宇宙研の宇宙物理学研究系教授が主務で、研究総主幹、JAXAチーフエンジニア、宇宙研SE推進室長、「すざく」プロジェクトマネージャー、ASTRO-Hプロジェクトサイエンティストを兼務しています。ASTRO-Hに搭載する軟X線分光検出器(SXS)の責任者も入れると7つ。ばらばらな仕事に見えますが、すべて自分が研究者としてやりたいことにつながっています。
Q: やりたいこととは?
宇宙にあるバリオンと呼ばれる普通の物質の平均温度は数百万度だと考えられています。この熱い宇宙がどのように出来上がったのか、その過程を宇宙の始まりからすべて理解したいのです。そのために三つのことを同時にやっています。一つ目は、「すざく」など稼働中のX線天文衛星を使って研究を進めること。しかし、現在の衛星ではできないこともあります。それを可能にするために、2015年打上げ予定のASTRO-Hの開発を進めています。これが二つ目です。

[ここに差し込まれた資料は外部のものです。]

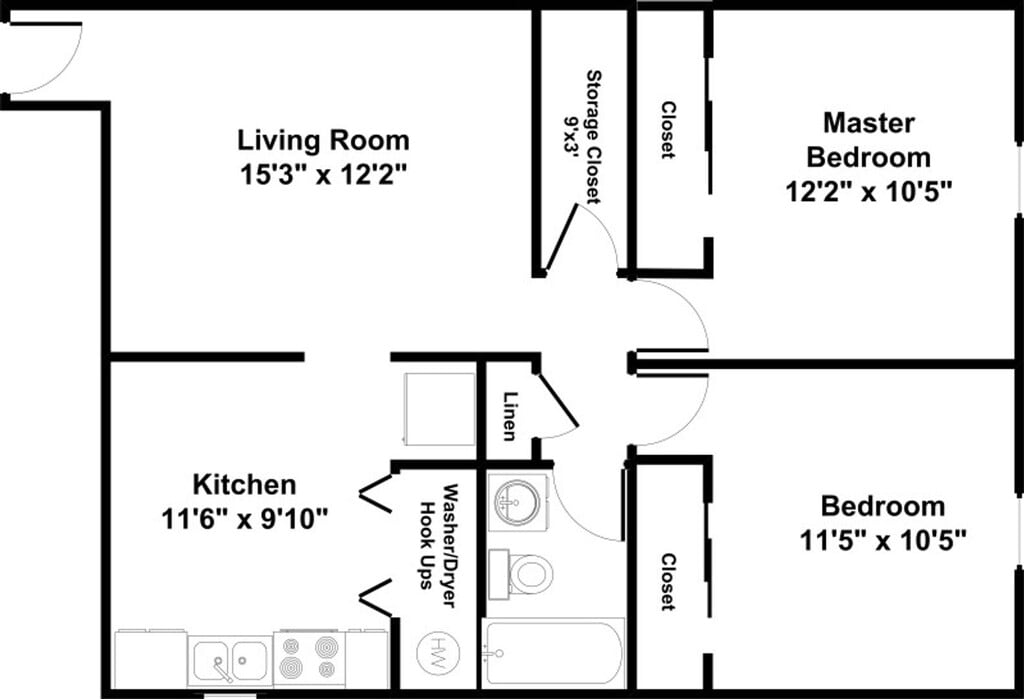 Unidad de apartamento: 201-GModelo de apartamento: 2BR/1.0BA$1,0952 Dormitorios, 1 Baño, 800 sq ftDisponible Ahora![]()

しかし、ASTRO-Hでできることの限界も見えています。そこで三つ目として、20年先を見据えた観測装置の研究を行っています。
Q: ASTRO-Hでは、どのような観測を行うのですか。
「すざく」などの観測によって、銀河系の周辺に数百万度の高温ガスが分布していること、銀河団は高温ガスに満ちていることが分かってきました。しかし、それらをすべて合わせても、宇宙に存在すると推定される高温ガスの量の半分にしかなりません。残りの半分はどこにあるのか。銀河系と銀河団の間の領域が最有力ですが、銀河系が明る過ぎて詳しく観測できませんでした。ASTRO-HのSXSで、それに挑みます。

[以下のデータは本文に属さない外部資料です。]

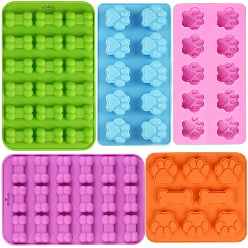 Puppy Dog Paw and Bone Silicone Molds Food Grade Baking Molds for Chocolate Jelly Ice Cube Dog Treats Biscuits Reusable Bakeware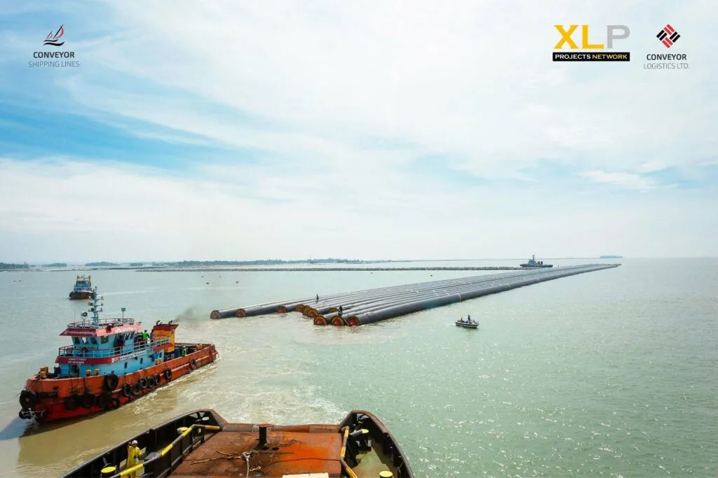 The pipe-strings were towed by a Tow-Barge on a 16,300 km voyage from Stathelle in Southern Norway to a Power Plant Project site in southern Bangladesh. Conveyor Logistics Limited is proud to have been associated with and handling this transportation of pipes by a unique floatation method first-ever adopted for a long-haul transportation of large diameter pipes. This is a new milestone achievement for Conveyor Logistics Limited.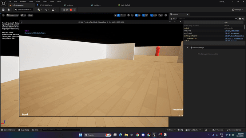 The current design for the player character is heavily inspired by the current FPS games. This includes functionalities such as omni-directional movement, crouching, proning, stamina for doing specific actions, and many more.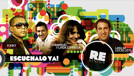 Re-Génesis es la canción que será presentada como lema de la Convención Internacional Liderazgo Juvenil 2011 en la ciudad de Orlando en el mes de Noviembre. Como ya sucedió con los temas “Yo Soy la revolución” y “Momentum” de Rojo hace unos años, Lucas Leys y Emmanuel Espinosa se unieron una vez más para realizar esta producción que motivará a miles de líderes de jóvenes en el mundo de habla hispana. La doble novedad es que en esta ocasión se suma a la partida Funky, uno de los máximos exponentes del reggaeton cristiano.

SXSは、銀河団の高温ガスの運動を精密に測定できるので、銀河団が成長する様子を捉えることも可能です。宇宙では、銀河団が連なって大規模構造を形づくっています。銀河団の成長は、大規模構造をつくる過程にほかなりません。大規模構造がつくられる過程を直接見ることも、ASTRO-Hの使命です。
Q: 「はくちょう」「てんま」「ぎんが」「あすか」「ASTRO-E」「すざく」と、6機の衛星に携わってきたそうですね。
幸運でした。そうした経験があることから宇宙研SE推進室長職の声が掛かったのでしょう。「すざく」のX線カロリメータ(XRS)の不具合のほかにも、大小さまざまな失敗を経験しました。失敗には共通性があり、そこから学ぶものがあります。SE推進室では、私の経験も踏まえて、ミッションを確実に実現するための方法を議論し、活動の支援を行っています。
いくつもの職務があると忙しいですが、悪いことばかりではありません。研究には発想の転換が重要です。いくら考えても良いアイデアが浮かばないとき、別なことを考え始めると、ふと先ほどの案件についてアイデアがひらめいたりするものです。
Q: 子どものころから宇宙に興味があったのですか。
小学生のころに住んでいた長野は星がとてもきれいで、物置の屋根に登って星を観察したりしていました。学校でも私の理科好きが知られていたようで、姉の担任がラジオをつくるキットをくれたほどです。それをきっかけに電気回路にも興味を持ち、6年生のときアマチュア無線の免許も取りました。捨ててあったテレビを持ち帰って分解したこともありますね。
そういう経験は今につながっているかもしれません。私たち実験物理屋は、やりたいことを実現する装置がなければ、勉強をして自分でつくるというのが基本です。例えば、ASTRO-Hの次の衛星に搭載する観測装置にはシリコンマイクロマシンの技術が不可欠だと分かり、その分野で有名な研究者のもとで修業したこともありました。
Q: 趣味は?
音楽は昔から好きですね。中学時代ブラスバンド部で、今でもときどきサックスを吹いています。料理も好きで、最近はイタリアンにはまっています。ハーブも育てていました。料理は、人工衛星の開発と似ているところがあります。段取りが重要で、そこで手を抜くと、うまくいきません。
Q: 2015年のASTRO-Hの打上げが楽しみですね。
X線分光観測は、可視光の天体写真と比べると地味で人気がないのが悩みです。でも、分光観測は、そのデータから温度や元素組成、動きなどあらゆる物理を読み取ることができる、とても面白い研究です。どのような見せ方をしたら皆さんにX線分光観測に興味を持っていただけるか、広報戦略を練ろうと思っています。また一つ仕事が増えますね。